Le, Minh-Khang; Vuong, Huy Gia; Nguyen, Thao T T; Kondo, Tetsuo.
Afiliación
  • Le MK; Department of Pathology, University of Yamanashi, Yamanashi, Japan.
  • Vuong HG; Department of Pathology, University of Iowa Hospitals and Clinics, Iowa City, Iowa, USA.
  • Nguyen TTT; Department of Pediatrics, University of Yamanashi, Japan.
  • Kondo T; Department of Pathology, University of Yamanashi, Yamanashi, Japan.
J Neuropathol Exp Neurol ; 82(7): 650-658, 2023 06 20.
Article en En | MEDLINE | ID: mdl-37253389
ABSTRACT
NAA10 is a novel biomarker of cancer progression. The oncogenic and biological mechanisms of NAA10 in human malignancies are controversial and remain to be elucidated. Herein, we investigated the biological and clinicopathological implications of NAA10 gene expression in adult gliomas. We collected data from The Human Cancer Genome Atlas (TCGA) database, including patients from TCGA-GBM and TCGA-LGG projects. In total, there were 666 patients from the 2 projects (513 and 153 from TCGA-LGG and TCGA-GBM, respectively). Different analyses (pathway, DNA methylation, and survival analyses) require further specific case eliminations. Based on NAA10 expression, we divided 666 tumors into 2 subgroups NAA10-high and NAA10-low glioma.

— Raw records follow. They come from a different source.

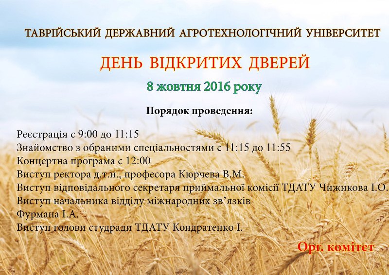 8 жовтня – ДЕНЬ ВІДКРИТИХ ДВЕРЕЙ ТДАТУ! 7.10.2016 8 жовтня 2016 року – День відкритих дверей Таврійського державного агротехнологічного університету. Запрошуємо школярів, студентів коледжів та їх батьків!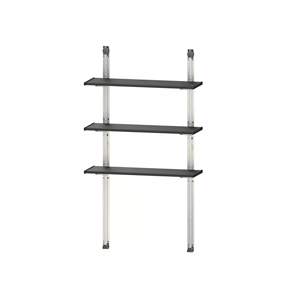Trzy wyjątkowo długie półki, każda o szerokości 97 cm, zapewniają łatwe odnalezienie wszystkich narzędzi, skrzynek i innych przedmiotów. Dzięki temu zestawowi półek możesz położyć kres bałaganowi.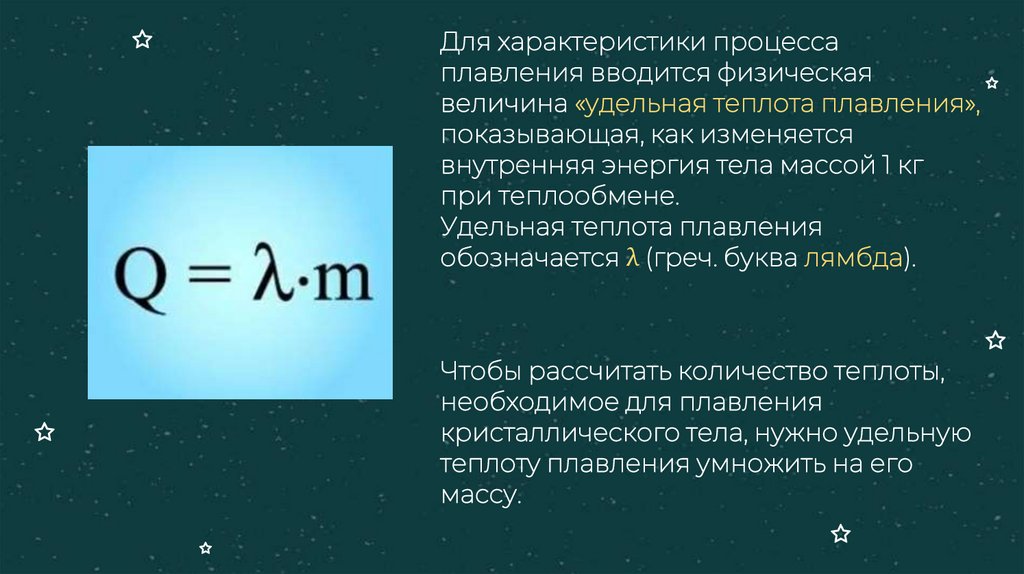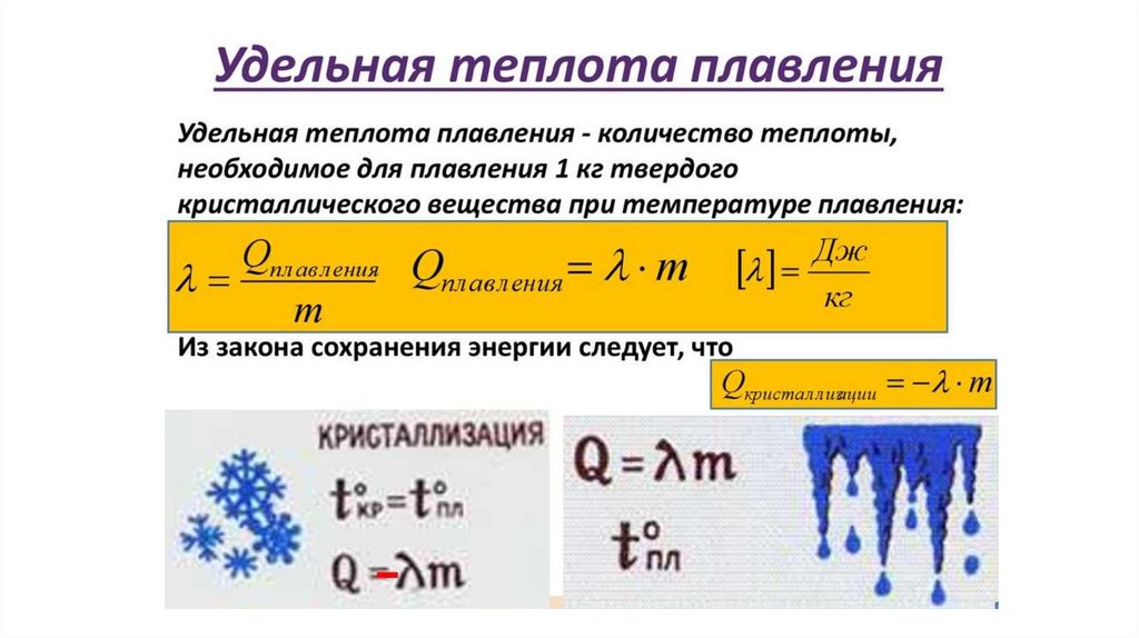 8. Для характеристики процесса плавления вводится физическая величина «удельная теплота плавления», показывающая, как изменяется

There were higher activities of cell proliferation, metabolic reprogramming, DNA repair, angiogenesis, epithelial-mesenchymal transition, TNF-α, IL6/JAK/STAT6, mTORC1 signaling, and MYC targets in NAA10-high glioma, while P53, TGF-ß, Wnt, and Hedgehog pathways were highly expressed by NAA10-low gliomas. t-distributed stochastic neighbors embedding dimension reduction of DNA methylation also showed a high distribution of NAA10-high gliomas in distinct clusters. Survival analyses showed that high NAA10 expression was an independent prognostic factor. NAA10 expression dictated epigenetic, genetic, and clinicopathological differences in adult glioma. Further studies are required to investigate the detailed NAA10 oncogenic mechanisms and to validate NAA10 immunohistochemistry.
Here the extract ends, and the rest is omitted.